▶ [Given data]
****

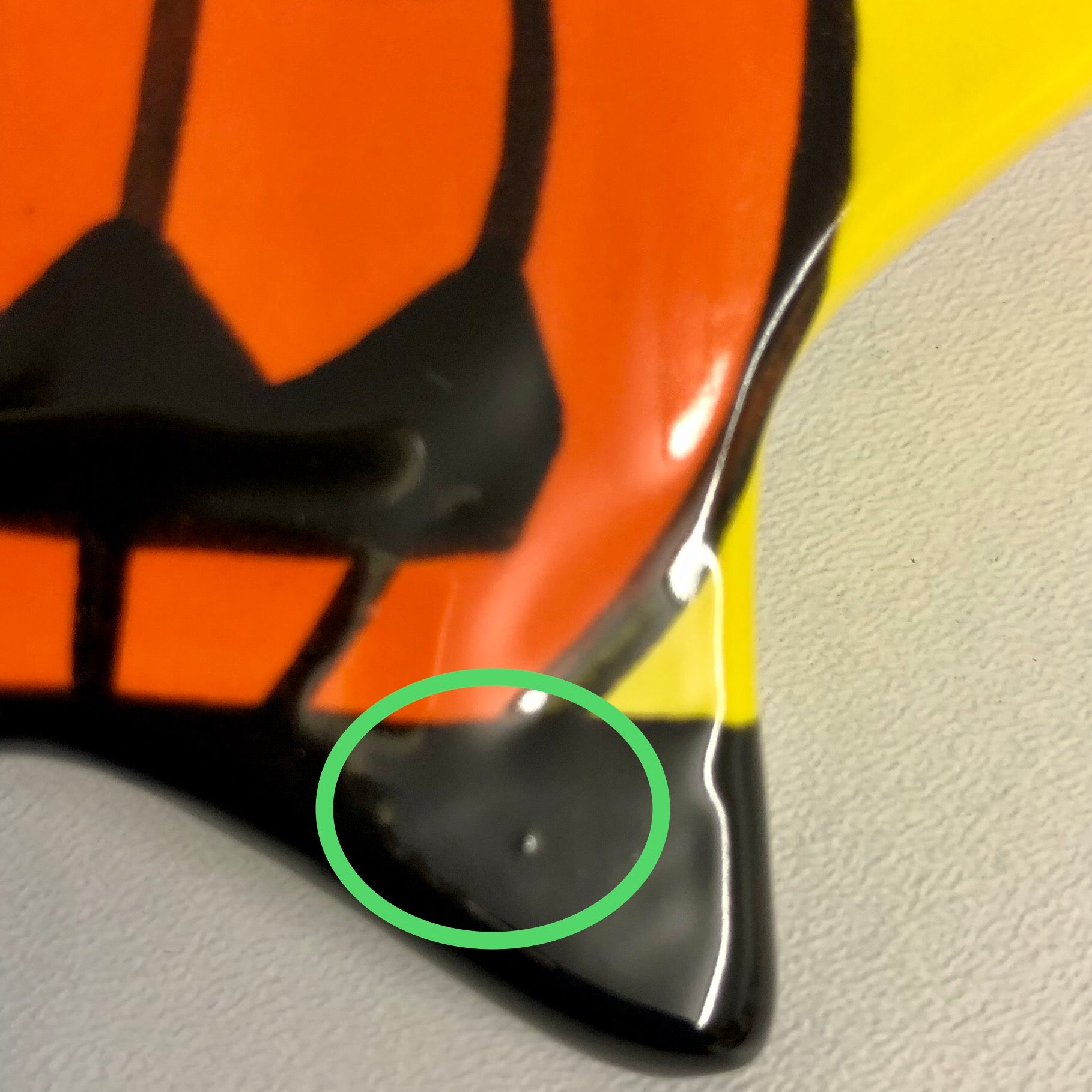 Each decoration is approximately 8.3cm in diameter & 0.8cm thick, and comes with a piece of black ribbon so it’s ready to hang. A few have come from the kiln with a slight fault on them (see photos for details) and are offered at a reduced price.
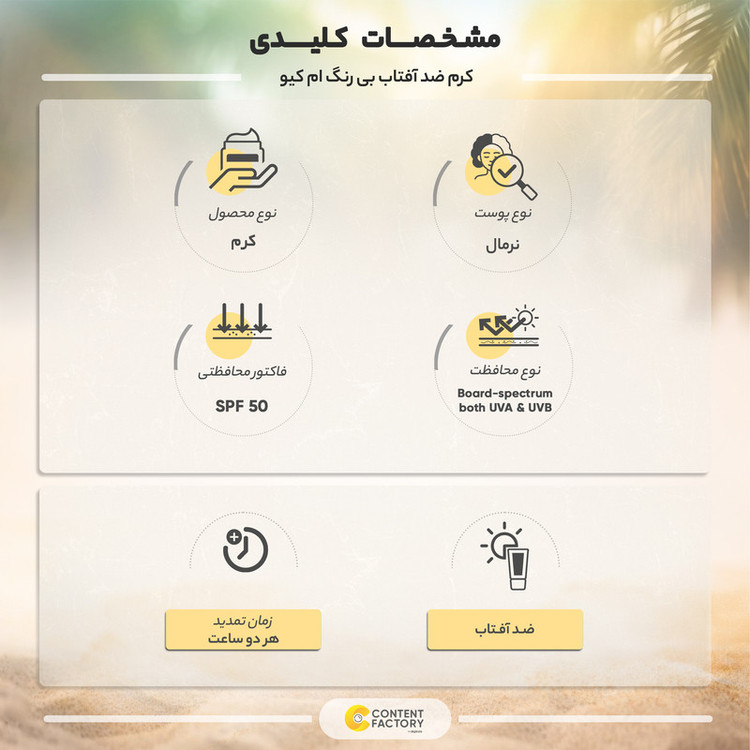 کرم ضد آفتاب بی رنگ پوست نرمال SPF50 ام کیو با ساختاری سبک به سرعت پس از استفاده جذب پوست شده و با ایجاد لایه محافظتی بر روی پوست، مانع از تخریب سلولهای پوستی توسط نور خورشید خواهد شدترکیبات بکار رفته در فرمولاسیون محصولات ضد آفتاب ام کیو MQ ، برگرفته از مرغوبترین و جدیدترین مواد اولیه با حداکثر حفاظت در برابر اشعه های مضر آفتاب می باشند.کلیه محصولات دارای ساختار سبک بوده و حاوی ترکیبات ضد چروک همراه با رطوبت رسانی قوی به پوست بوده که نرم کننده و لطافت بخش پوست می باشند.
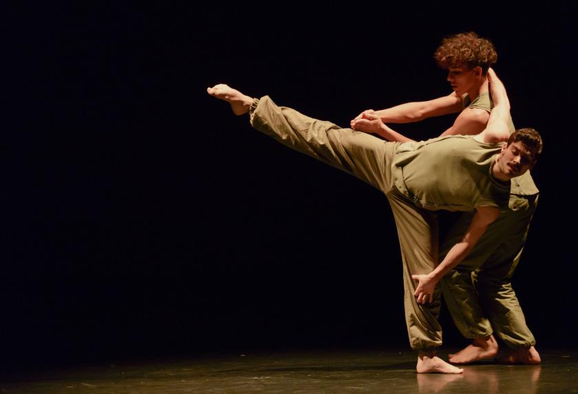 Maliphant (pictured left) also comes across as quiet and thoughtful, but rather more intense, an impression backed up by the mood of his piece Fallen. Where Scarlett's Serpent (pictured above) has Elysian lighting and a smooth Max Richter score for its supple pas de deux, Fallen takes place in a world of olive drab and deepest brown, a vaguely military place and one where, for all the dancers' grace, there's more sense of danger: falling could hurt, and the chittering voices, anxious strings and metallic thuds of Armand Amar's score don't seem to betoken anything benign. Maliphant himself admits there's a hint of the battlefield about it: I'd go as far as to say that the charged, enigmatic Fallen is what his (WWI-themed) Second Breath for English National Ballet should have been, but wasn't.

****

Reproduce the opening lines of the material above exactly, ending with the line that contains "کرم ضد آفتاب". Omit every picture.

▶ [Result]
 Each decoration is approximately 8.3cm in diameter & 0.8cm thick, and comes with a piece of black ribbon so it’s ready to hang. A few have come from the kiln with a slight fault on them (see photos for details) and are offered at a reduced price.
 کرم ضد آفتاب بی رنگ پوست نرمال SPF50 ام کیو با ساختاری سبک به سرعت پس از استفاده جذب پوست شده و با ایجاد لایه محافظتی بر روی پوست، مانع از تخریب سلولهای پوستی توسط نور خورشید خواهد شدترکیبات بکار رفته در فرمولاسیون محصولات ضد آفتاب ام کیو MQ ، برگرفته از مرغوبترین و جدیدترین مواد اولیه با حداکثر حفاظت در برابر اشعه های مضر آفتاب می باشند.کلیه محصولات دارای ساختار سبک بوده و حاوی ترکیبات ضد چروک همراه با رطوبت رسانی قوی به پوست بوده که نرم کننده و لطافت بخش پوست می باشند.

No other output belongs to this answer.